* _TASK ITEM_: The answer is to be an exact copy of the lines below running from the line with "Özellikle kamyon, çekici, tanker, otobüs, minibüs" down to the line with "В поисках красивых", both ends included, and nothing more.

☆ ☆ ☆

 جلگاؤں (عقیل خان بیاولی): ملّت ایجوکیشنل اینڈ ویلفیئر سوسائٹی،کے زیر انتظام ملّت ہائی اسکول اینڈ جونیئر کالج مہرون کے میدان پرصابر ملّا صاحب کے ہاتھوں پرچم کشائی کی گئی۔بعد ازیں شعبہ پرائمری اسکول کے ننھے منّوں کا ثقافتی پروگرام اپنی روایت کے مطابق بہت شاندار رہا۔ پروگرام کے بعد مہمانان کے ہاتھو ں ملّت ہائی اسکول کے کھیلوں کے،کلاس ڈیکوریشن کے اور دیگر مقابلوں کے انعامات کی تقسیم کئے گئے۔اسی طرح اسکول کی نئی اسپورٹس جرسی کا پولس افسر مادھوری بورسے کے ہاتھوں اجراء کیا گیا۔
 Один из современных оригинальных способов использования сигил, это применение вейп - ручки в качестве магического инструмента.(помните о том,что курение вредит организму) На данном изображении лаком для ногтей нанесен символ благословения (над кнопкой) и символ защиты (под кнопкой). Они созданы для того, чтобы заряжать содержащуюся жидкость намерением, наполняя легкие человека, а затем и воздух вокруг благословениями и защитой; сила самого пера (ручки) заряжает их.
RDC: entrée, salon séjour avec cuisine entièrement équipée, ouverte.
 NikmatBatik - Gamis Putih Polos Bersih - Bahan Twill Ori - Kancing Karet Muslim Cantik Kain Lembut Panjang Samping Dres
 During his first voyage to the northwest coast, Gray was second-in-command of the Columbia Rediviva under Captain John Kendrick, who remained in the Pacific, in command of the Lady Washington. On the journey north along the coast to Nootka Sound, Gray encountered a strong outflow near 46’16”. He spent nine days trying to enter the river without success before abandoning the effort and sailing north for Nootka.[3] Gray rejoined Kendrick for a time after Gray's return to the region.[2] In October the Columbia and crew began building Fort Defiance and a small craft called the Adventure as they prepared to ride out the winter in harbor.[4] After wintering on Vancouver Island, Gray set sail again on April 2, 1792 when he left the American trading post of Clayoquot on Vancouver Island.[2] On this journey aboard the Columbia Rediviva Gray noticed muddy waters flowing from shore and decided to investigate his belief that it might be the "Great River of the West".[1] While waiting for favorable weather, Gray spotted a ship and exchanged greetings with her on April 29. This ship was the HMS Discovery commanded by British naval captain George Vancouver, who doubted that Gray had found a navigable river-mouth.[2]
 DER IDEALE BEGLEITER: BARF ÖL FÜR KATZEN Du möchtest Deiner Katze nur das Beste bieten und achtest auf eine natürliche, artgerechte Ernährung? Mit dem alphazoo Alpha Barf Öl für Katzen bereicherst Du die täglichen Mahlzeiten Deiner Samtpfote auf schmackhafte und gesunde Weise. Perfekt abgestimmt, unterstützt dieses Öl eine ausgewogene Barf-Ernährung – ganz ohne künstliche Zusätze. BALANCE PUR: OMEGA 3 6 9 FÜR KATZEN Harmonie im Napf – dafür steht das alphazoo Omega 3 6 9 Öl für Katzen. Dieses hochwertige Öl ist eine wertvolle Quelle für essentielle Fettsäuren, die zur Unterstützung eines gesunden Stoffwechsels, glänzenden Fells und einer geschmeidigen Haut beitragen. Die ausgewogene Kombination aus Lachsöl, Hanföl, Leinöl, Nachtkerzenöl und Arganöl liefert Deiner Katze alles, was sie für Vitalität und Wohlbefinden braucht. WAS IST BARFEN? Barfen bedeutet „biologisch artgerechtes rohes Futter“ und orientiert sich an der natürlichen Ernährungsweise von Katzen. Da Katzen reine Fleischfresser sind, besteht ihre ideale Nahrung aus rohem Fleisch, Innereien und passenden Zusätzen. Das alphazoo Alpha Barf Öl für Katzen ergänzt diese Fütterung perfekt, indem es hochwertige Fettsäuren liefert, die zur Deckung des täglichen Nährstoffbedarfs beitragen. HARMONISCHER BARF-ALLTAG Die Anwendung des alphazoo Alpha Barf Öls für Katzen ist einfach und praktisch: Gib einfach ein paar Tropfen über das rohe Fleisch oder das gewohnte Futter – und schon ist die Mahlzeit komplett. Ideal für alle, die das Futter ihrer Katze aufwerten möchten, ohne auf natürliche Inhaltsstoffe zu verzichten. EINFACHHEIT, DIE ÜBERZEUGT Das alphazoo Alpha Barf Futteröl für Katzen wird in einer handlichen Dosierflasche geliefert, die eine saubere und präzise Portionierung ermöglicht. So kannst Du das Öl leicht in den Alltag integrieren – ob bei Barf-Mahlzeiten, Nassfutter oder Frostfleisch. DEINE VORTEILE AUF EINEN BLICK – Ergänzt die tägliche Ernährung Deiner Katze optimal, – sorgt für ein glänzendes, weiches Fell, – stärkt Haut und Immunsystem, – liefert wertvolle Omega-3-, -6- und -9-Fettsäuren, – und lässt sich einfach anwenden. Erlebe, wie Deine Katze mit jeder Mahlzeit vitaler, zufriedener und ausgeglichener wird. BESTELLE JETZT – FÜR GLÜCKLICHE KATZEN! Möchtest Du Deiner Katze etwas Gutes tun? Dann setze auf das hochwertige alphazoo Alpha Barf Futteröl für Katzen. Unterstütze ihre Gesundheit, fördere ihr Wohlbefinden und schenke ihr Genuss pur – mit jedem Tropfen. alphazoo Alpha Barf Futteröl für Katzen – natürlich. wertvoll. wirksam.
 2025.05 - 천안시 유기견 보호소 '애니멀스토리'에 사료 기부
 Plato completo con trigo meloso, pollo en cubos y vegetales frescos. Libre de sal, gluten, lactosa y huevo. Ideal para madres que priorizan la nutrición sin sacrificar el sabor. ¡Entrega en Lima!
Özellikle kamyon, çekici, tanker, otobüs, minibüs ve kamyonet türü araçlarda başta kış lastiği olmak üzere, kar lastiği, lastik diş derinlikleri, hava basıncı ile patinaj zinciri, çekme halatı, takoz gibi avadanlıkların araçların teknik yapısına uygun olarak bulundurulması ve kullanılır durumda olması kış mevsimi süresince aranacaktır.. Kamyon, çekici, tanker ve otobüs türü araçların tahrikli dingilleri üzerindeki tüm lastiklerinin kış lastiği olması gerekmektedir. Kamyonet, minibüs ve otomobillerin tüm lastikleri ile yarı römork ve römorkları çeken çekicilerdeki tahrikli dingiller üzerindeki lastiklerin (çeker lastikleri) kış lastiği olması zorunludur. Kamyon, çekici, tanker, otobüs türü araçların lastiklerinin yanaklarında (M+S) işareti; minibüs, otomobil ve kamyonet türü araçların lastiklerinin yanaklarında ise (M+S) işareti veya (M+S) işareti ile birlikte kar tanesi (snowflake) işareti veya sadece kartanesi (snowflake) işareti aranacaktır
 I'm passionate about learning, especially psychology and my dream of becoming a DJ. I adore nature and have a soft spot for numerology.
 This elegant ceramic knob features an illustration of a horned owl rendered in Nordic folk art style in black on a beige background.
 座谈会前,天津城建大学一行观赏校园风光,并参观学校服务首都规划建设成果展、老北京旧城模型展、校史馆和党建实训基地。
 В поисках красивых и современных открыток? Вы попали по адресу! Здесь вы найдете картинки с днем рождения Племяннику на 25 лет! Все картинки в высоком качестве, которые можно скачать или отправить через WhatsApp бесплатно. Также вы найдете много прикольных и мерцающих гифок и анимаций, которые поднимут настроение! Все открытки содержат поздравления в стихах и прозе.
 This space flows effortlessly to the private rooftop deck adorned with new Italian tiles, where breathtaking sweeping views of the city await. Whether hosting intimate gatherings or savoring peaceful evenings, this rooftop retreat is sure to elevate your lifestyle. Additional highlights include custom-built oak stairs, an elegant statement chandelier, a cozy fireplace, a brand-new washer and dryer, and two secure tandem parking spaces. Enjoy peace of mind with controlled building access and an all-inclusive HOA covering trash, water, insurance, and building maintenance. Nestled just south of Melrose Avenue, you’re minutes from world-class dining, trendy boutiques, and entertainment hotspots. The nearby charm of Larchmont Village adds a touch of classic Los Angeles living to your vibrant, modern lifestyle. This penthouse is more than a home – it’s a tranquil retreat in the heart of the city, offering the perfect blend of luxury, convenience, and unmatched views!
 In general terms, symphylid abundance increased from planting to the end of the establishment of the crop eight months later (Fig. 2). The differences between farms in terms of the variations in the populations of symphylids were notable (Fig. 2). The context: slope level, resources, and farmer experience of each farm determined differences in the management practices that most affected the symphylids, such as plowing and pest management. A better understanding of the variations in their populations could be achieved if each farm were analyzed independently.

☆ ☆ ☆

* _FINAL ANSWER_:
Özellikle kamyon, çekici, tanker, otobüs, minibüs ve kamyonet türü araçlarda başta kış lastiği olmak üzere, kar lastiği, lastik diş derinlikleri, hava basıncı ile patinaj zinciri, çekme halatı, takoz gibi avadanlıkların araçların teknik yapısına uygun olarak bulundurulması ve kullanılır durumda olması kış mevsimi süresince aranacaktır.. Kamyon, çekici, tanker ve otobüs türü araçların tahrikli dingilleri üzerindeki tüm lastiklerinin kış lastiği olması gerekmektedir. Kamyonet, minibüs ve otomobillerin tüm lastikleri ile yarı römork ve römorkları çeken çekicilerdeki tahrikli dingiller üzerindeki lastiklerin (çeker lastikleri) kış lastiği olması zorunludur. Kamyon, çekici, tanker, otobüs türü araçların lastiklerinin yanaklarında (M+S) işareti; minibüs, otomobil ve kamyonet türü araçların lastiklerinin yanaklarında ise (M+S) işareti veya (M+S) işareti ile birlikte kar tanesi (snowflake) işareti veya sadece kartanesi (snowflake) işareti aranacaktır
 I'm passionate about learning, especially psychology and my dream of becoming a DJ. I adore nature and have a soft spot for numerology.
 This elegant ceramic knob features an illustration of a horned owl rendered in Nordic folk art style in black on a beige background.
 座谈会前,天津城建大学一行观赏校园风光,并参观学校服务首都规划建设成果展、老北京旧城模型展、校史馆和党建实训基地。
 В поисках красивых и современных открыток? Вы попали по адресу! Здесь вы найдете картинки с днем рождения Племяннику на 25 лет! Все картинки в высоком качестве, которые можно скачать или отправить через WhatsApp бесплатно. Также вы найдете много прикольных и мерцающих гифок и анимаций, которые поднимут настроение! Все открытки содержат поздравления в стихах и прозе.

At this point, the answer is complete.